> _ASSIGNED TASK_
From the first line of the entries below through the line bearing "2016年3月16日,第十二", write out each line exactly. Omit pictures.
------ RECORDS FOR THE EXERCISE
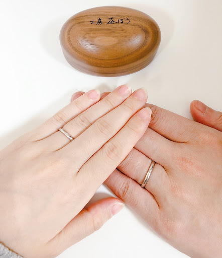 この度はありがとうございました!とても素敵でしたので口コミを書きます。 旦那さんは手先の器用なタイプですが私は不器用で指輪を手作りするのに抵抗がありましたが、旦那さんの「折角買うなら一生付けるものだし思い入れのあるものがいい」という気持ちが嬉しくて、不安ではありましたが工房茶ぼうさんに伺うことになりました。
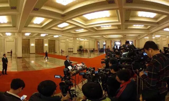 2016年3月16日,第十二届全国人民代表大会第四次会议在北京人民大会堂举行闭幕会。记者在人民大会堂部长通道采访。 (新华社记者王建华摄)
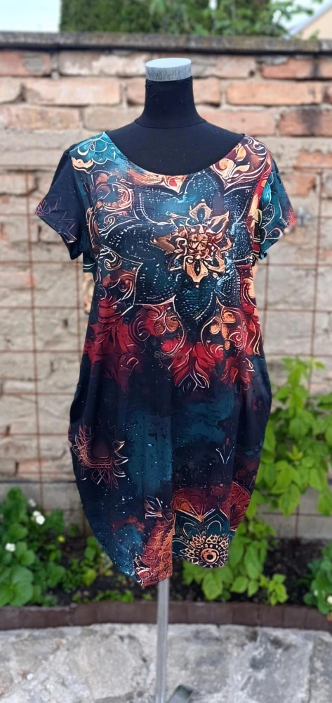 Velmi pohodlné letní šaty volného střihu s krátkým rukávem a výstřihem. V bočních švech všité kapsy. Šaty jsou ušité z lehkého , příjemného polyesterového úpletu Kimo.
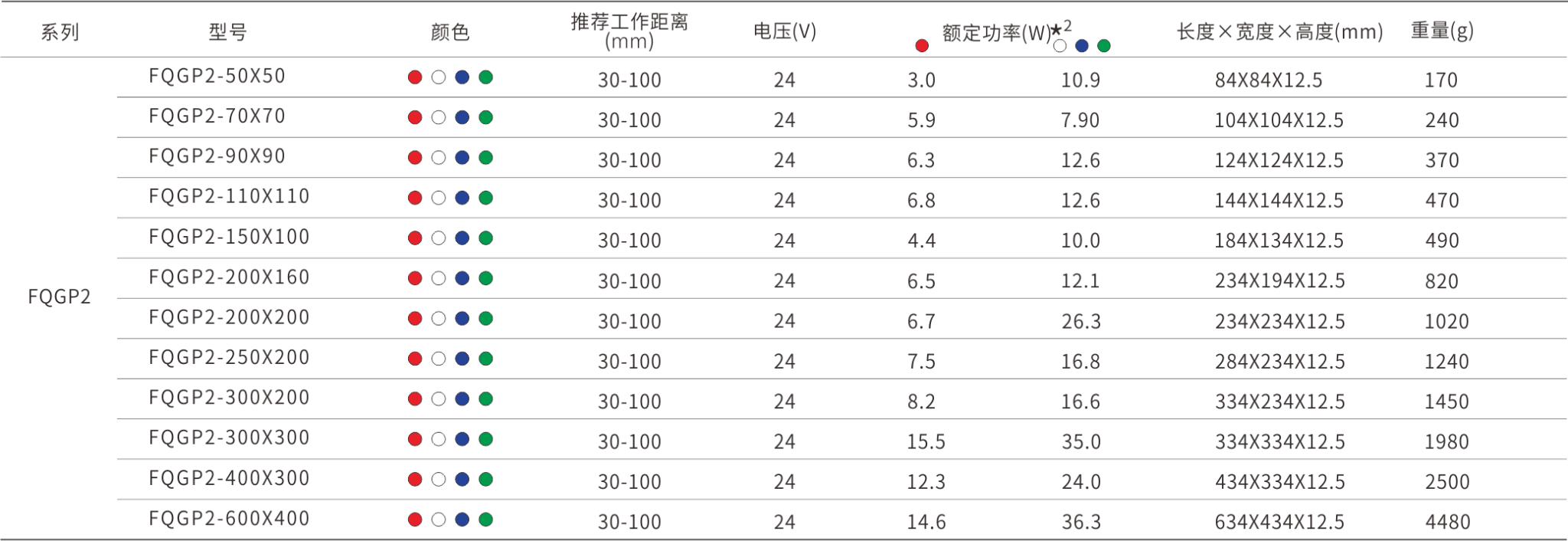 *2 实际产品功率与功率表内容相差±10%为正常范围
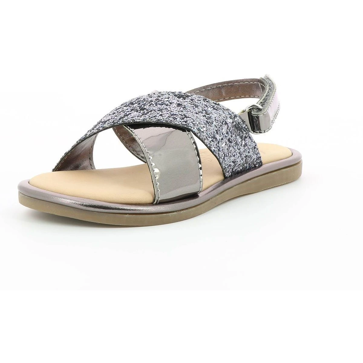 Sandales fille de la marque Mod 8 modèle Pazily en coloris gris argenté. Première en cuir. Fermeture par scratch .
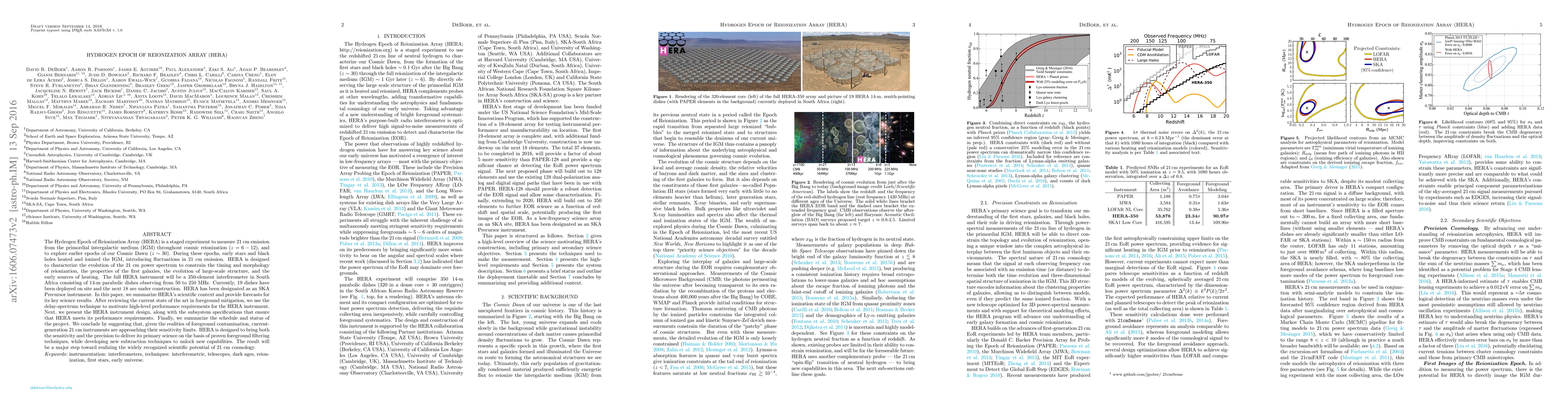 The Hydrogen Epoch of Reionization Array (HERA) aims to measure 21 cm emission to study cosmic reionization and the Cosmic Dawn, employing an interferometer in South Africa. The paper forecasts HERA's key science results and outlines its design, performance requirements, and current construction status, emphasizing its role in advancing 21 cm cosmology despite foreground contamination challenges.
------------
> _SOLUTION TO THE PROBLEM_
 この度はありがとうございました!とても素敵でしたので口コミを書きます。 旦那さんは手先の器用なタイプですが私は不器用で指輪を手作りするのに抵抗がありましたが、旦那さんの「折角買うなら一生付けるものだし思い入れのあるものがいい」という気持ちが嬉しくて、不安ではありましたが工房茶ぼうさんに伺うことになりました。
 2016年3月16日,第十二届全国人民代表大会第四次会议在北京人民大会堂举行闭幕会。记者在人民大会堂部长通道采访。 (新华社记者王建华摄)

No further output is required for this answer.